McAnuff Marie A, Rettig Garrett R, Rice Kevin G
Division of Medicinal and Natural Products Chemistry, College of Pharmacy, University of Iowa, Iowa City, Iowa 52242, USA.
J Pharm Sci. 2007 Nov;96(11):2922-30. doi: 10.1002/jps.20968.
The intracellular delivery of small interfering RNA (siRNA) is a therapeutic strategy to transiently block gene expression. Two silencing RNA strategies utilize either synthetic double stranded RNA or plasmid DNA encoding a short hairpin RNA (shRNA).

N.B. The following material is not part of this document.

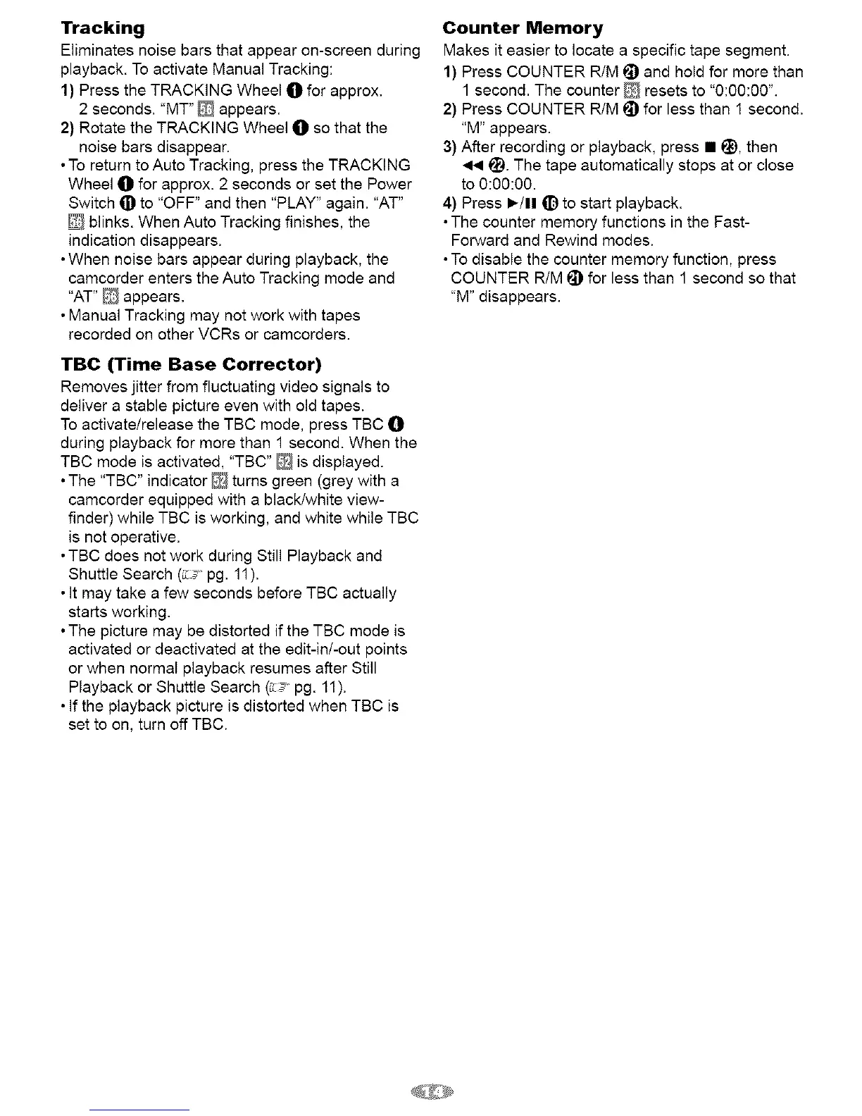 • If the playback picture is distorted when TBC is

In the present study, we have quantitatively compared the potency of siRNA (siLuc1) and shRNA (pShagLuc) mediated knockdown of luciferase expression in vivo using hydrodynamic dosing and bioluminescence imaging (BLI). Following hydrodynamic coadministration of siLuc1 or pShagLuc with a plasmid encoding luciferase (pGL3), mice were analyzed for transgene expression by BLI. The knockdown of luciferase expression by siLuc1 or pShagLuc was observed at 3 h and persisted for 3 days. The potency of siLuc1 and pShagLuc was equivalent with maximal effect at 10 microg coadministered with 1 microg of pGL3 resulting in >80% knockdown. Combined dosing of siLuc1 and pShagluc (5 microg each) with 1 microg of pGL3 resulted in >99% knockdown. Analysis of the data established that shRNA was significantly more potent than siRNA at mediating knockdown when compared on a mole basis. The combination of hydrodynamic dosing and BLI to measure siRNA or shRNA mediated knockdown of luciferase provide an attractive in vivo quantitative method to test formulations that target the liver.
小分子干扰RNA(siRNA)的细胞内递送是一种瞬时阻断基因表达的治疗策略。两种RNA干扰策略分别利用合成双链RNA或编码短发夹RNA(shRNA)的质粒DNA。在本研究中,我们使用流体动力学给药和生物发光成像(BLI)定量比较了siRNA(siLuc1)和shRNA(pShagLuc)在体内介导的荧光素酶表达敲低的效力。在将siLuc1或pShagLuc与编码荧光素酶的质粒(pGL3)进行流体动力学共给药后,通过BLI分析小鼠的转基因表达。在3小时时观察到siLuc1或pShagLuc对荧光素酶表达的敲低,并且持续3天。siLuc1和pShagLuc的效力相当,在与1μg pGL3共给药10μg时产生最大效应,导致>80%的敲低。将siLuc1和pShagluc(各5μg)与1μg pGL3联合给药导致>99%的敲低。数据分析表明,在以摩尔为基础进行比较时,shRNA在介导敲低方面比siRNA显著更有效。流体动力学给药和BLI相结合来测量siRNA或shRNA介导的荧光素酶敲低,为测试靶向肝脏的制剂提供了一种有吸引力的体内定量方法。